Two weeks ago, on May 28, I was consumed with sadness. Acknowledging that mom had now been gone for six months was very difficult. As more time passes, it becomes more evident how many things I'd like to share with mom that I can't, how many things I'd like to do with her, and how much I miss her. It is very difficult not to feel hopeless, not to be consumed by sadness.

Someone asked me if there is anything I do to celebrate mom, or that reminds me of her. I didn't know how to answer. So much of what I do reminds me of mom that I would have a very difficult time picking one thing or a few things to really celebrate her and remember her. I don't know if this is good or bad. I think that sort of clarity, and ability to choose a way to celebrate mom, will come later.
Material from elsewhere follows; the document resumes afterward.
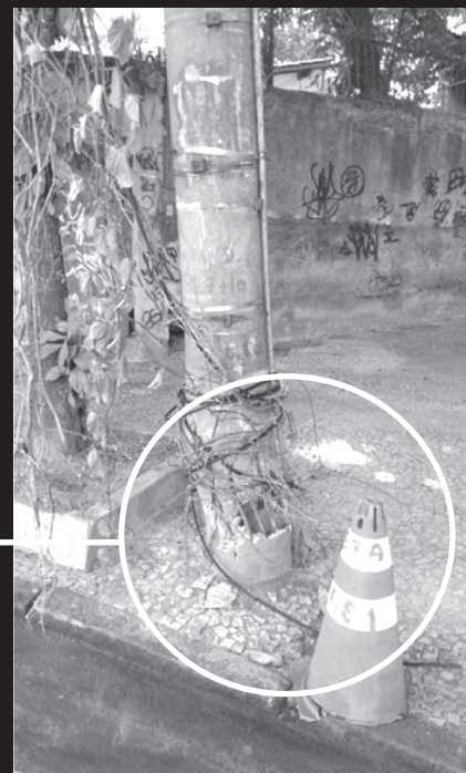
Poste batido por veículo na Niemeyer

Na mesma curva onde a mureta foi quebrada, outro veículo desgovernado colidiu e danificou totalmente um poste de iluminação pública da Light. O poste está na calçada do número 750, antes da curva perigosa da Avenida Niemeyer.

I've been thinking for the past few days about running a marathon- the California International Marathon. It would be a good way to do something productive and set a goal I can achieve this year. I think I need that sort of structure. I've also thought about using the CIM to start fund raising for the Pulmonary Fibrosis Foundation, which has a (virtual) running team and sets up online fund raising pages for participants. This would help me accomplish something for myself and to help others afflicted by the awful disease that stole mom away so unfairly.

Aside from being the local marathon, I feel that the CIM would be a good pick because I have memories of mom recounting how she had gone to watch the runners on a cold December morning a few years ago. It was after I had started running, and she had asked me if I did the race (I hadn't). I think she would like it if I ran the CIM, and it would be nice to think of her watching.